Second; Do I care about black people? Well yeah, and to any black person listening I would say that – God’s honest truth – I care about you because you’re “people”, not because you’re black. I don’t give a damn what color anyone is. I may be curious about someone’s ethnicity, but only because people fascinate and interest me, and knowing about THEIR ethnicity can help complete the picture. But my interest is in THEM, not in their ethnicity itself. I may be fascinated by the detail, but at the same time the details are incidental. You may be half Antarctian and half ethnic-Martian, and while – believe me – I’d find that absolutely fascinating, it would have no impact at all – one way or the other – on how I felt about you as a person.

I think I’ve beaten this horse into the ground. Let’s move on.

4. What do you plan to do about taxes?

Overall my general answer is “Slash them”. If you could be more specific as to which taxes you’re asking about, I can give you more specific answers.
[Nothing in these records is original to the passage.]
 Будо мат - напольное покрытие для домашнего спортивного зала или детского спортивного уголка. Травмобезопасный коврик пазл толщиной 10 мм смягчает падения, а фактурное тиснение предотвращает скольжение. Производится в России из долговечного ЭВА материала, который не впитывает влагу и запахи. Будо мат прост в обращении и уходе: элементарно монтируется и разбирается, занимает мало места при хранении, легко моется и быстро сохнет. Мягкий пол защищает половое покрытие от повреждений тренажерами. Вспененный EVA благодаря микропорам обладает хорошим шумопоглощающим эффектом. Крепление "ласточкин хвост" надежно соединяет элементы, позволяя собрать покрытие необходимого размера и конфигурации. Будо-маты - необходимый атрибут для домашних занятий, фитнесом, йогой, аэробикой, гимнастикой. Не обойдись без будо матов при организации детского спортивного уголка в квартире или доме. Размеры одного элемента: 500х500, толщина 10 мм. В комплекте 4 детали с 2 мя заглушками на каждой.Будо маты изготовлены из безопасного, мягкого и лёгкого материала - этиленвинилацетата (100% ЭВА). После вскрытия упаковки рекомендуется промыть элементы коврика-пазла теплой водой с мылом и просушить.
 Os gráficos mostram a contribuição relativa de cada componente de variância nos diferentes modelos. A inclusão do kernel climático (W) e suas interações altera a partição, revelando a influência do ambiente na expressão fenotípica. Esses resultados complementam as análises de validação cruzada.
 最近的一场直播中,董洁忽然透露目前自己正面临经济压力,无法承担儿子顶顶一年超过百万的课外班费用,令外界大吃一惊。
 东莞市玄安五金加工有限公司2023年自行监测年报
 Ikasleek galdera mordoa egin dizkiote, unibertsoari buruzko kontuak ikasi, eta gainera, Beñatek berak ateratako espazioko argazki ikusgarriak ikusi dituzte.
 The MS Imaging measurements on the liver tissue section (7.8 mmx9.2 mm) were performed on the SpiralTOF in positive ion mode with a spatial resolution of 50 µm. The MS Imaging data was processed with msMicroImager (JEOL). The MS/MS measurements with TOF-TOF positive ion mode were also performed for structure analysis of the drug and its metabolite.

But in the meantime, if you can think of a tax, there is a high probability that I want to cut it deeply. In fact, you know how our government has on occasion inflicted “punitive taxation” on this or that? Well I think it is high time we inflicted a little punitive anti-taxation upon our government. So while there are many sound economic reasons for cutting taxes, I have to admit that for me there’s some spite mixed in as well. And to be perfectly clear, that’s not spite towards our citizenry –gosh we’ve had more than enough of that – but rather, it is on their behalf.

5. What do you plan to do about spending?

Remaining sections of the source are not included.